Перри Мейсон и бровью не повел.
— Да, — согласился он, — довольно впечатляющие показания, но главный удар нам нанесут днем, сразу по возобновлении заседания.
— Это вы о чем? — спросил Фрэнк Эверли.
— Или я полный профан, — ответил Перри Мейсон, — или первым свидетелем после перерыва будет человек, которого доставили сюда из Санта-Барбары, тот самый, кто ведет книгу регистрации огнестрельного оружия. Он предъявит регистрационную запись о пистолете, из которого совершено убийство; покажет, когда он был получен и когда продан; опознает миссис Форбс как ту самую женщину, которая купила пистолет. После этого он положит на стол книгу учета проданного оружия и предъявит ее подпись. Это, в довершение ко всем показаниям, выслушапным утром, напрочь лишит подсудимую сочувствия присяжных и публики.
— Вы не можете этому помешать? — спросил Эверли. — Вы бы могли закидать их протестами, привлечь внимание к собственной персоне, выставить убийство не в столь уж чудовищно жутком свете.
Перри Мейсон невозмутимо затягивался сигаретой.
— А я не хочу этому мешать, — ответил он.
— Но вы бы могли добиться перерыва. Могли бы сделать хоть что-то, чтобы в умах присяжных не копился весь этот ужас.
— Пусть копится, мне того и нужно, — возразил Перри Мейсон.
— Господи, зачем?
Перри Мейсон улыбнулся.
— Вы когда-нибудь добивались избрания на политический пост? — спросил он.
— Разумеется, нет, — ответил молодой человек.
— Если бы добивались, то поняли, какая изменчивая вещь — настроение толпы.
— Что вы хотите сказать?
— Только то, что в ней нет ни верности, ни постоянства.

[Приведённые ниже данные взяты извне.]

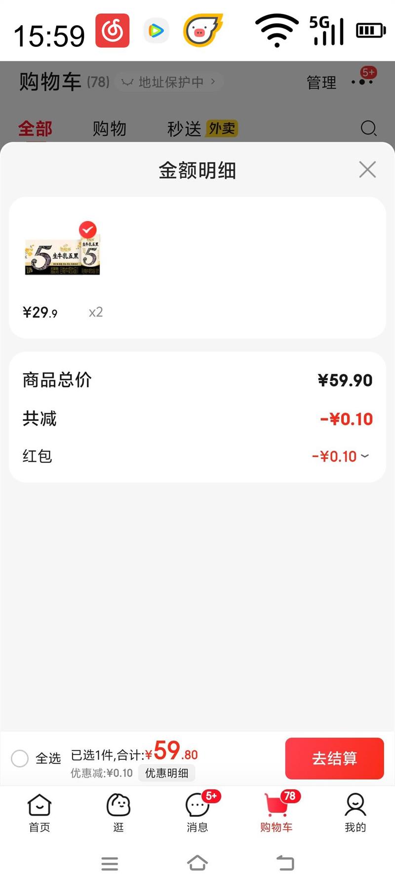 58.4元(合9.73元/件)

А присяжные и есть та же толпа со своим настроением.
— Не понимаю, к чему вы клоните, — сказал клерк.
— С другой стороны, — продолжал Перри Мейсон, — вам, несомненно, доводилось бывать на хороших спектаклях?
— Ну да, конечно.
— На спектаклях с сильными эпизодами, бьющими на чувство, такими, от которых на глазах выступали слезы, а в горле появлялся комок?
— Да, — сказал Эверли с сомнением в голосе, — бывал, но не пойму, какая тут связь.

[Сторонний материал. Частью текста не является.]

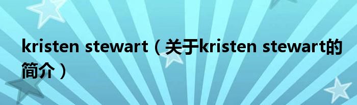 大家好,kristen stewart,關(guān)于kristen stewart的簡(jiǎn)介很多人還不知道,現(xiàn)在讓我們一起來(lái)看看吧!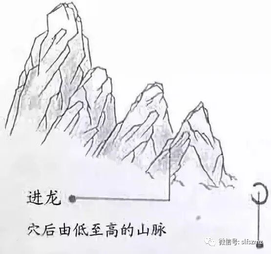 进龙,是对那些迭次耸起星辰,伸出的枝脚也形势均匀,自身行度有序的龙脉的称谓。《入式歌》云:“进是龙身节节高。”大致来说,这种龙脉自从离开祖山以来,精神俊异,高低起伏,次序不乱。龙脉自粗剥换成细,由老转抽出嫩枝,如同凤凰看到仁德的光辉而飞下,鸿雁踏水而奋飞一样,行动有渐进的过程。这种格局的龙脉最为吉祥,如果融结成穴场,预示着家族成员累世才华出众,富贵双全,子孙众多,满门朱紫,福运绵长,学业、品德不断进步。

— Попытайтесь припомнить последний такой спектакль, — предложил Перри Мейсон, следя за струйкой дыма, поднимающейся над концом сигареты.
— Как же, я видел его несколько дней тому назад.

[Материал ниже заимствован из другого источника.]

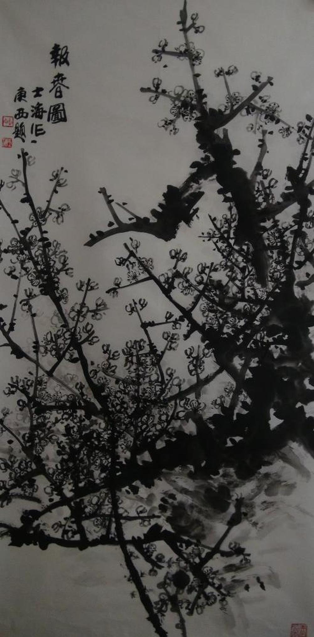 用墨先勾出梅花之势态,后点花而成。

— В таком случае не вспомните ли самую драматичную сцену, ту, во время которой комок в горле был особенно плотным, а глаза — на мокром месте?
— Еще бы! Я ее никогда не забуду. В этой сцене женщина…
— Сейчас это неважно, — прервал Перри Мейсон. — Но позвольте задать вам вопрос: что вы делали через три минуты после этой чувствительной сцены?